● **What is being asked**:
Leave the images out. Give every line below again, precisely.

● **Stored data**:

::::::::

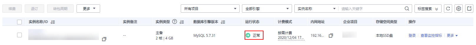 检查办法:请在控制台检查云实例状态是否为“正常”。
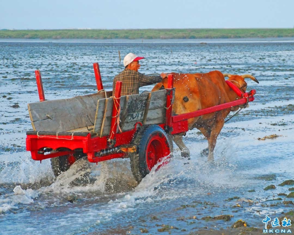 台灣彰化縣芳苑鄉以產蚵聞名,擁有大面積的潮間帶濕地,民眾可搭牛車或坐鐵牛車到蚵田體驗,挖文蛤、鮮蚵、重拾以前芳苑養蚵人家古早風情。挖蛤蜊、鮮蚵結束後就是吃現場碳烤鮮蚵、香氣四溢,大人小孩都玩得相當開心。香港中通社圖片
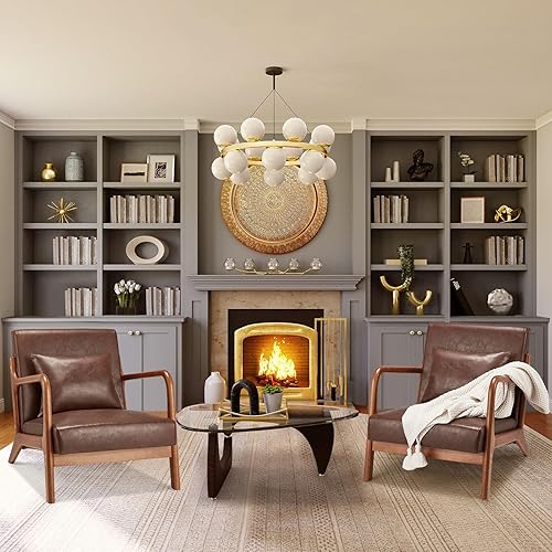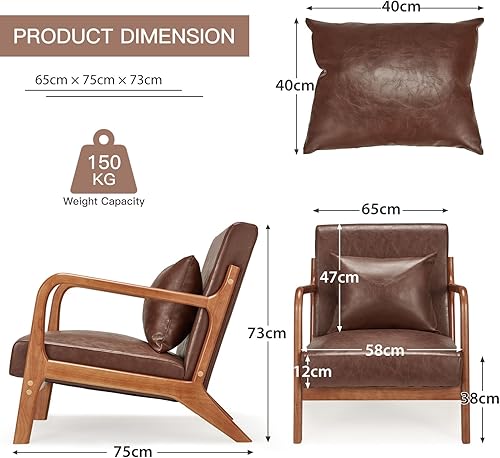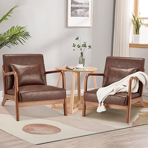 YODOLLA Fauteuil accent - Fauteuil de cocktail pour salon, fauteuil de lecture avec accoudoirs en bois - Fauteuil Accent - En cuir synthétique - Marron rouge - 65 x 75 x 70 cm
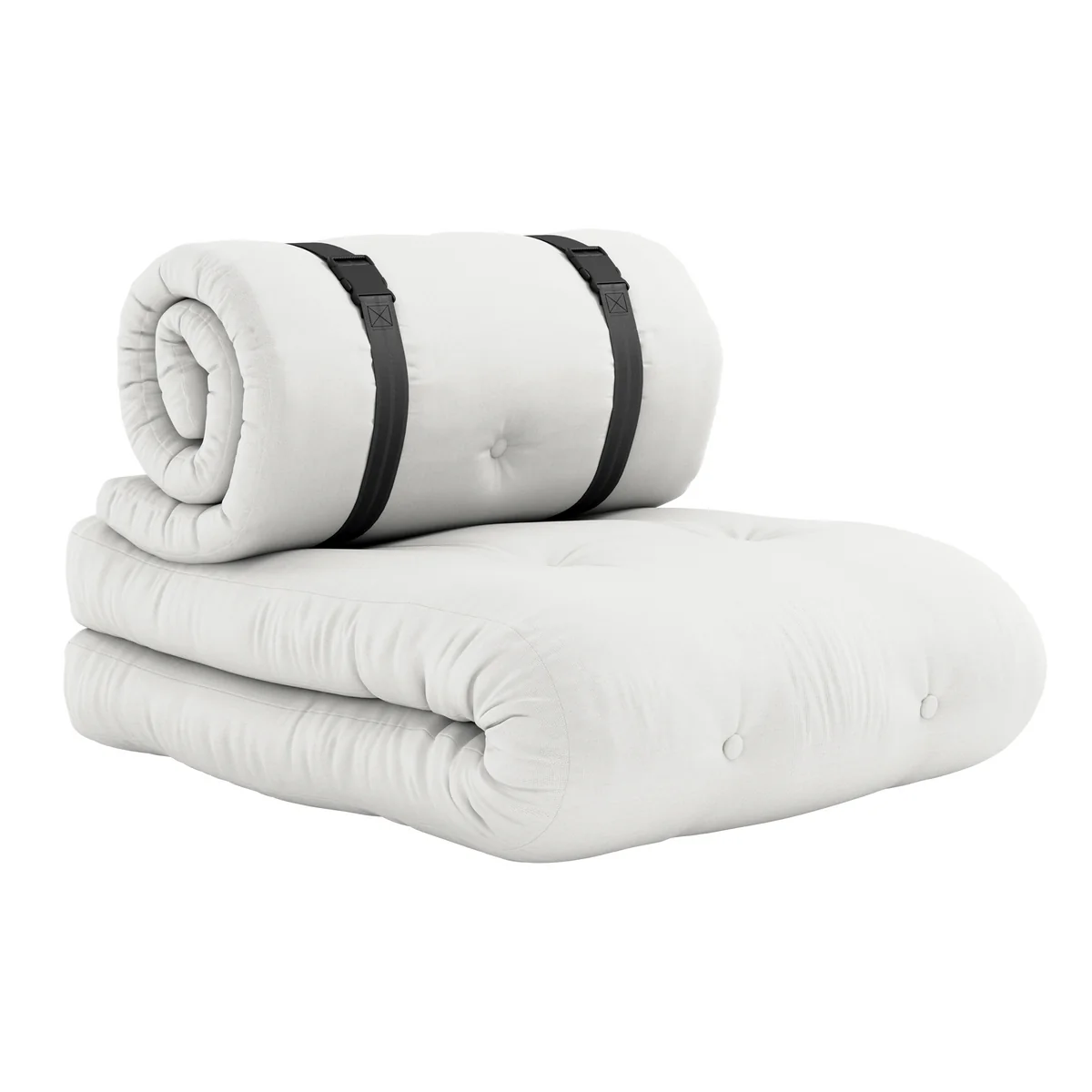 The Buckle Up OUT Chair by Karup Design invites you to relax in the sun and can also be used for a little nap if required. It consists of two mattresses, one folded to serve as a seat and the other rolled up and tied with straps as a backrest. If you release the straps and roll out the backrest on the thick mattress, you create a comfortable outdoor bed measuring 200 x 70 cm, on which you can relax comfortably.
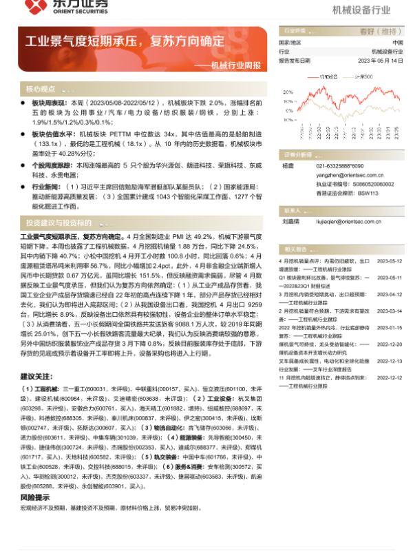 【东方证券】【20230514】机械行业周报:工业景气度短期承压,复苏方向确定-24页 行业研究
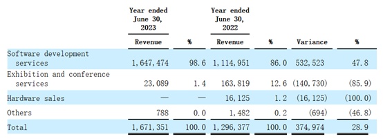 进一步细分来看,该公司的三大业务公表现却并不均衡。软件开发服务业务是公司不折不扣的“顶梁柱”,其2023财年的收入占总收入达到了惊人的98.6%,同比增长47.8%;而展览和会议服务加其他项合共占公司收入剩余的1.4%,并且该分部收入同比大降85.9%;而在2022财年尚有部分“声音”的硬件销售收入到了2023财年内直接归零。
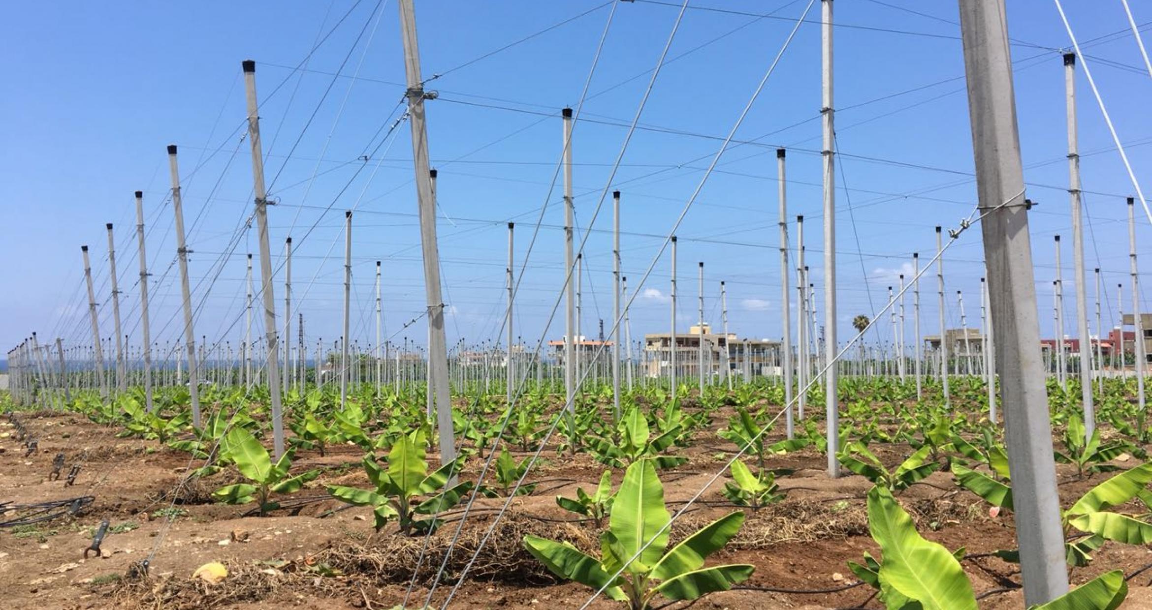 Safety structure, using very light and agile nets. A shelter from the wind and hail. Beyond protection from weather hazards, net houses for bananas provide better growth conditions of seedlings after planting. Structure includes the trellis and a support system for growth of the banana plants. Better utilization of land. Easier cultural practices. Protection from insects. Water saving by preventing evaporization. Higher crop production of better quality fruits. Low labor cost.
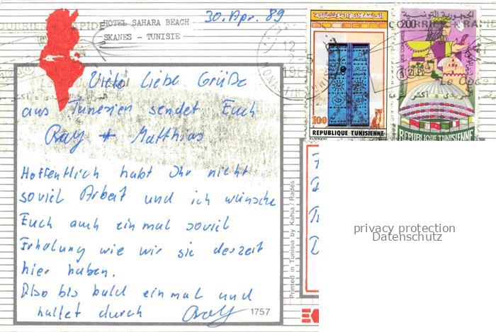 74096923 old postcard Skanes Monastir Tunesie Hotel Sahara Beach Fliegeraufnahme postalisch gelaufen Erhaltung siehe scans [WerneD78] KatCode: 18520
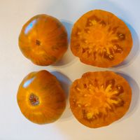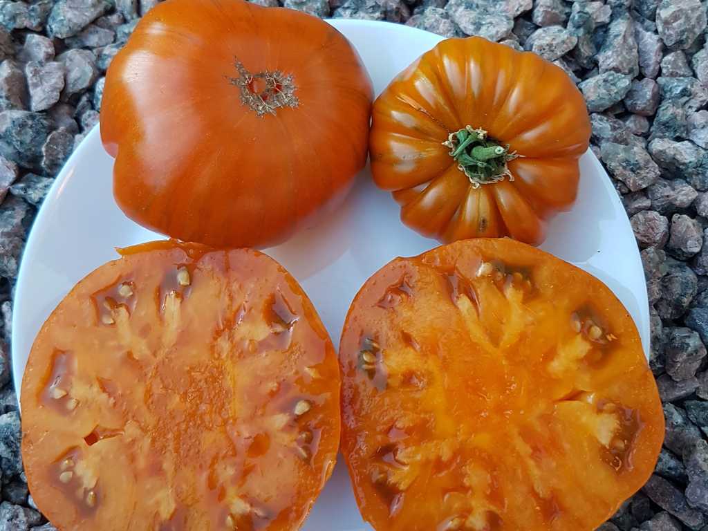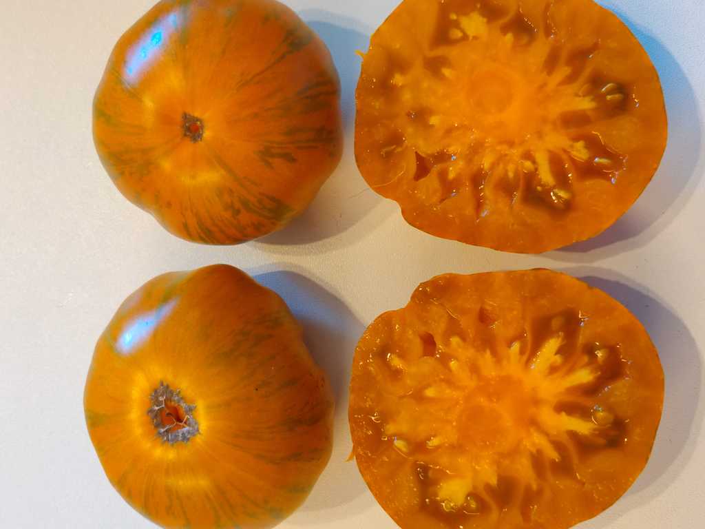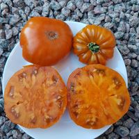 1,5m hög planta. Frukter har mycket ovanlig färg: mörkorange gröna/bärnstensfärgade övertoner, nästan ockra, tillplattad form, väl markerad ribb i toppen. Biffigt kött med utmärkt smak. (Tom Wagner)

::::::::

● **Written response**:
 检查办法:请在控制台检查云实例状态是否为“正常”。
 台灣彰化縣芳苑鄉以產蚵聞名,擁有大面積的潮間帶濕地,民眾可搭牛車或坐鐵牛車到蚵田體驗,挖文蛤、鮮蚵、重拾以前芳苑養蚵人家古早風情。挖蛤蜊、鮮蚵結束後就是吃現場碳烤鮮蚵、香氣四溢,大人小孩都玩得相當開心。香港中通社圖片
 YODOLLA Fauteuil accent - Fauteuil de cocktail pour salon, fauteuil de lecture avec accoudoirs en bois - Fauteuil Accent - En cuir synthétique - Marron rouge - 65 x 75 x 70 cm
 The Buckle Up OUT Chair by Karup Design invites you to relax in the sun and can also be used for a little nap if required. It consists of two mattresses, one folded to serve as a seat and the other rolled up and tied with straps as a backrest. If you release the straps and roll out the backrest on the thick mattress, you create a comfortable outdoor bed measuring 200 x 70 cm, on which you can relax comfortably.
 【东方证券】【20230514】机械行业周报:工业景气度短期承压,复苏方向确定-24页 行业研究
 进一步细分来看,该公司的三大业务公表现却并不均衡。软件开发服务业务是公司不折不扣的“顶梁柱”,其2023财年的收入占总收入达到了惊人的98.6%,同比增长47.8%;而展览和会议服务加其他项合共占公司收入剩余的1.4%,并且该分部收入同比大降85.9%;而在2022财年尚有部分“声音”的硬件销售收入到了2023财年内直接归零。
 Safety structure, using very light and agile nets. A shelter from the wind and hail. Beyond protection from weather hazards, net houses for bananas provide better growth conditions of seedlings after planting. Structure includes the trellis and a support system for growth of the banana plants. Better utilization of land. Easier cultural practices. Protection from insects. Water saving by preventing evaporization. Higher crop production of better quality fruits. Low labor cost.
 74096923 old postcard Skanes Monastir Tunesie Hotel Sahara Beach Fliegeraufnahme postalisch gelaufen Erhaltung siehe scans [WerneD78] KatCode: 18520
 1,5m hög planta. Frukter har mycket ovanlig färg: mörkorange gröna/bärnstensfärgade övertoner, nästan ockra, tillplattad form, väl markerad ribb i toppen. Biffigt kött med utmärkt smak. (Tom Wagner)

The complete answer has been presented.